I find floating point NaN != NaN quite annoying. But this is not related to Rust: this affects all programming languages that support floating point. All libraries that want to support ordering for floating point need to handle this special case, that is, all sort algorithms, hash table implementation, etc. Maybe it would cause less issues if NaN doesn't exist, or if NaN == NaN. At least, it would be much easier to understand and more consistent with other types.
I agree. In my opinion NaNs were a big mistake in the IEEE 754 spec. Not only they introduce a lot of special casing, but also consume a relatively big chunk of all values in 32 bit floats (~0.4%).
I am not saying we do not need NaNs (I would even love to see them in integers, see: https://news.ycombinator.com/item?id=45174074), but I would prefer if we had less of them in floats with clear sorting rules.
There's a helpful crate that abstracts that away: https://docs.rs/ordered-float/latest/ordered_float/
You have a strongly ordered `NotNan` struct that wraps a float that's guaranteed to not be NaN, and an `OrderedFloat` that consideres all NaN equal, and greater than non-NaN values.

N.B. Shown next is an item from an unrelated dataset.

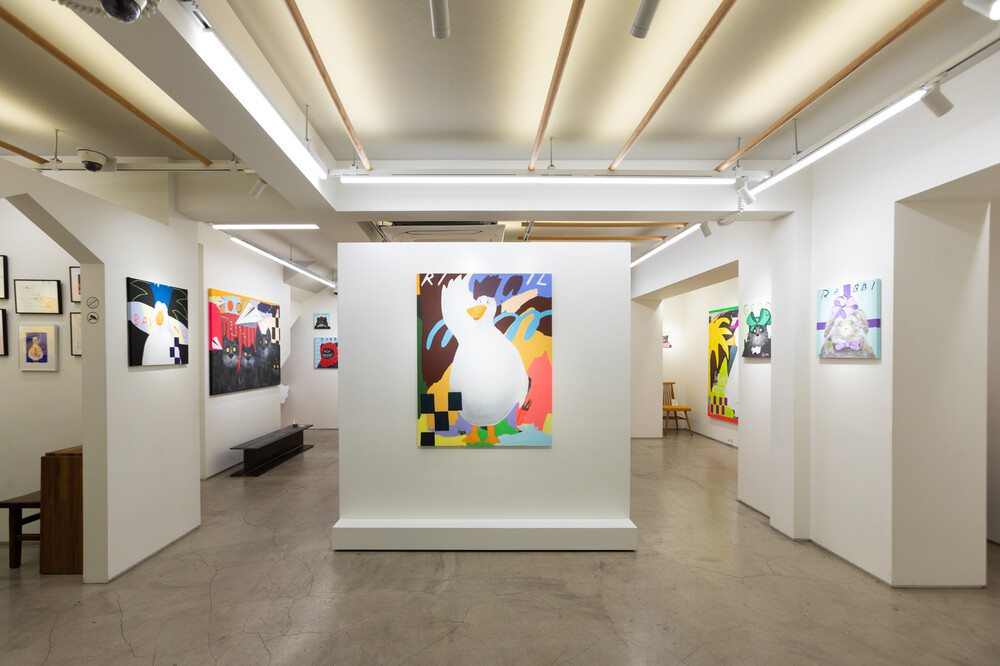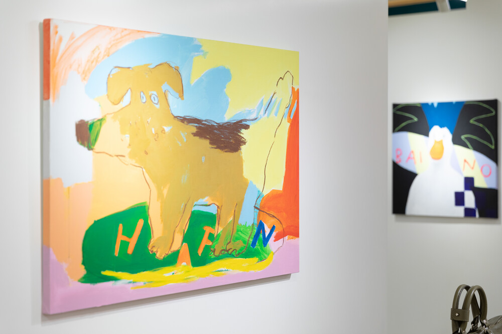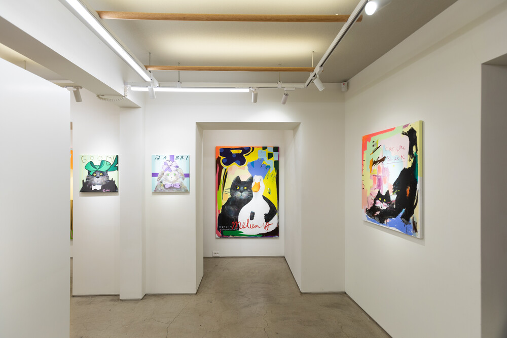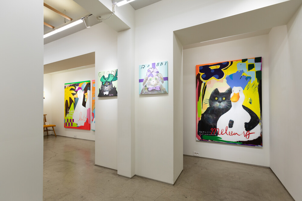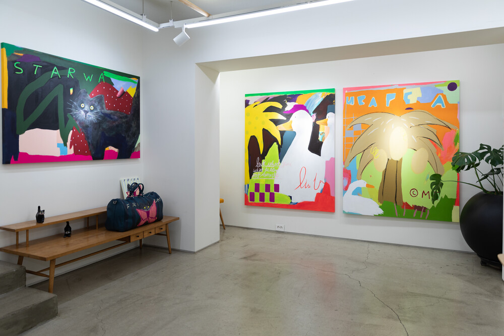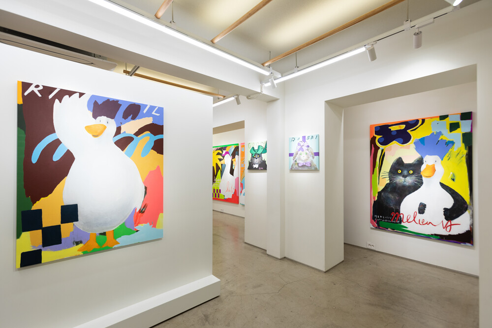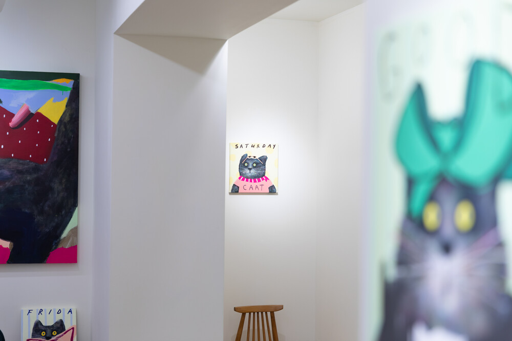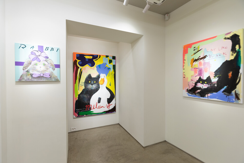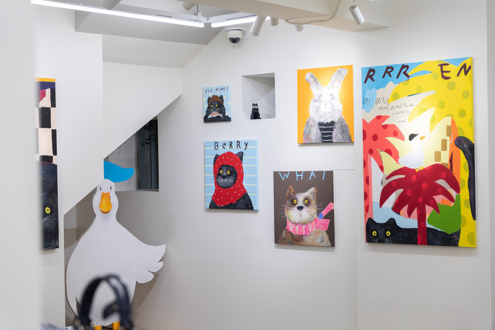 박소현 작가님은 즉흥적이고 순간적인 페인팅 기법과 키치하고 팝한 컬러와 무드로 사랑스러운 동물들을 의인화 하여 작가의 상상 속 기발한 이야기를 펼치고 있습니다. 캔버스 속 동물들은 관객에게 무엇인가를 이야기하고싶어하는 듯 한 느낌을 자아내어 보는 이의 호기심을 자극합니다. 작품의 제목 < oh >와 캔버스 속 고양이의 표정이 묘하게 매치되어 입가에 미소가 지어지는 작품입니다. 작품 위 레터링과 딸기를 연상케하는 화면구성 역시 작품을 이루는 다채로운 요소들의 매력을 배가 시키고 있습니다.

These are basically the special-cases you'd need to handle yourself anyway, and probably one of the approaches you'd end up taking.
I wonder if "any code that would create a NaN would error" would suffice here. I don't think it makes sense when you actually start to implement it, but I do feel like making a NaN error would be helpful. Why would you want to handle an NaN?
Well floating point operations never throw an exception, which I kind of like, personally. I would rather go in the opposite direction and change integer division by zero to return MAX / MIN / 0.
But NaN could be defined to be smaller or higher than any other value.
Well, there are multiple NaN. And NaN isn't actually the only weirdness; there's also -0, and we have -0 == 0. I think equality for floating point is anyway weird, so then why not just define -0 < 0.
I mentioned in a sibling comment, there's a crate that does this in a pretty simple and obvious way: https://docs.rs/ordered-float/latest/ordered_float/
If you don't handle NaN values, and there are NaNs in the real observations made for example with real sensors that sometimes return NaN and outliers, then the sort order there is indeterminate regardless of whether NaN==NaN; the identity function collides because there isn't enough entropy for there to be partial ordering or total ordering if multiple records have the same key value of NaN.
How should an algorithm specify that it should sort by insertion order instead of memory address order if the sort key is NaN for multiple records?
That's the default in SQL Relational Algebra IIRC?
What is a good sort key for Photons and Phonons? What is a good sort key for H2O water molecules?